Las opciones de tratamiento son:
- Disminuir dosis del antipsicótico, pues la hiperprolactinemia es dosis dependiente aunque la sensibilidad a este efecto adverso varía y gran parte de la importancia de la condición radica en que tan afectado se ve el paciente por los síntomas de la misma.
- Cambiar antipsicótico por uno que se relacione menos con hiperprolactinemia
- Adicionar aripiprazol, por su mecanismo de acción (agonista parcial) actua como antagonista del otro antipsicótico, modulando el bloqueo inhibidor dopaminérgico.
- Agonistas dopaminérgicos como bromocriptina o cabergolina aunque podrían aumentar el riesgo de descompensación al inducir la reactivación de la psicosis. Para esto es importante el manejo conjunto del paciente por parte de endocrinología y psiquiatría.

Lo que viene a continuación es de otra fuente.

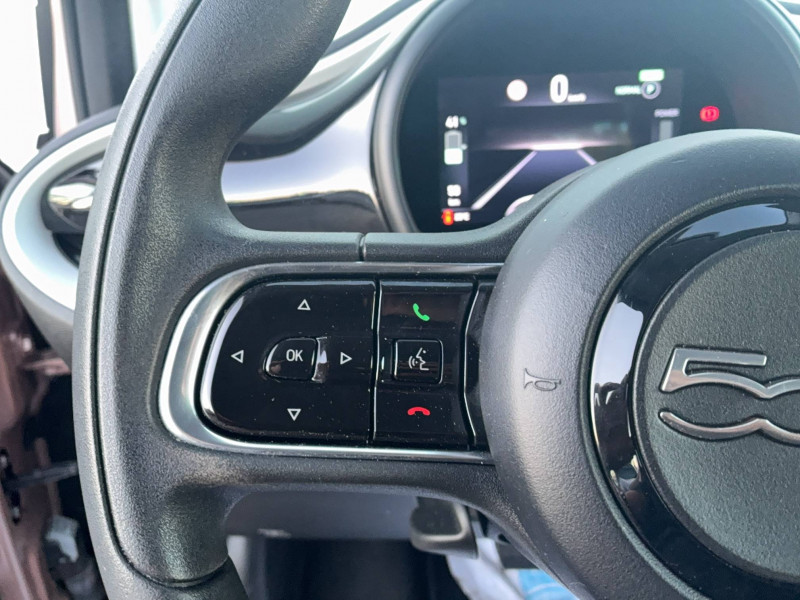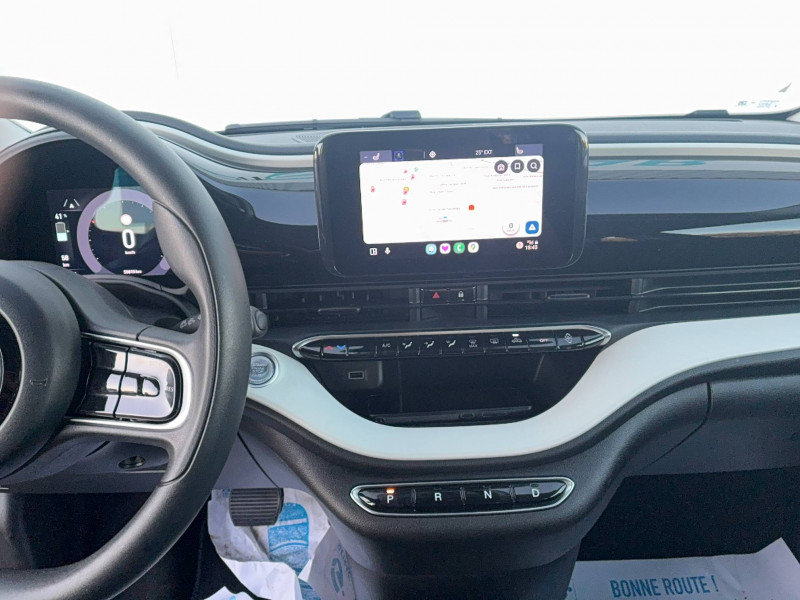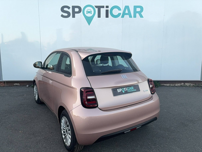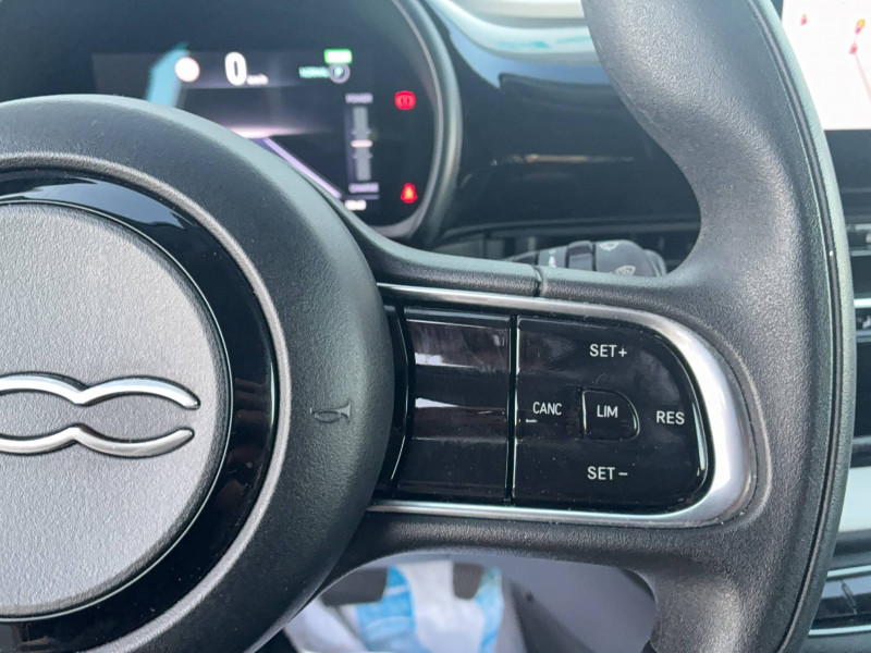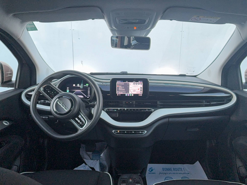 ABS - antiblocage des roues avec répartiteur de freinage EBD / Câble de recharge Mode 3 / Chargeur à induction pour smartphone / Chargeur embarqué 11 kW triphasé / Coques de rétroviseurs couleur carroserie / Détails chromés : logo 500 sur calandre et logo FIAT sur hayon / ESP - Contrôle électronique de stabilité avec aide au démarrage en côté "Hill Holder" / Freinage autonome d'urgence avec détection de piéton et de cycliste / Frein à main électrique / Pack Radio Hiver (Action Plus) / Pare-chocs peints couleur carrosserie / Poignées de portes dissimulées / Prise charge rapide (50kW) / Support smartphone / Système d'alerte sonore au piéton / Volant avec commandes

- Hormonas profilácticas en presencia de hipogonadismo para evitar la osteopenia y la osteoporosis. Estas y los bifosfonatos podrían ser una opción de manejo para lo que nuevamente es tan importante el manejo conjunto del paciente por parte de endocrinología y psiquiatría.
** Hay ensayos clínicos del 2016 con metformina que demuestran mejoría de la amenorrea en pacientes con hiperprolactinemia, pero se desconoce por qué mecanismo.
Bibliografía
- Ajmal, A., Joffe, H., & Nachtigall, L. B. (2014). Psychotropic-induced hyperprolactinemia: a clinical review. Psychosomatics, 55(1), 29-36.
- Grigg, J., Worsley, R., Thew, C., Gurvich, C., Thomas, N., & Kulkarni, J. (2017). Antipsychotic-induced hyperprolactinemia: synthesis of world-wide guidelines and integrated recommendations for assessment, management and future research. Psychopharmacology, 234(22), 3279-3297.
- Montejo, Á. L., Arango, C., Bernardo, M., Carrasco, J. L., Crespo-Facorro, B., Cruz, J. J., … & Hernández, A. I. (2017). Multidisciplinary consensus on the therapeutic recommendations for iatrogenic hyperprolactinemia secondary to antipsychotics. Frontiers in neuroendocrinology, 45, 25-34.
- Wong‐Anuchit, C. (2016). Clinical Management of Antipsychotic‐Induced Hyperprolactinemia. Perspectives in psychiatric care, 52(2), 145-152.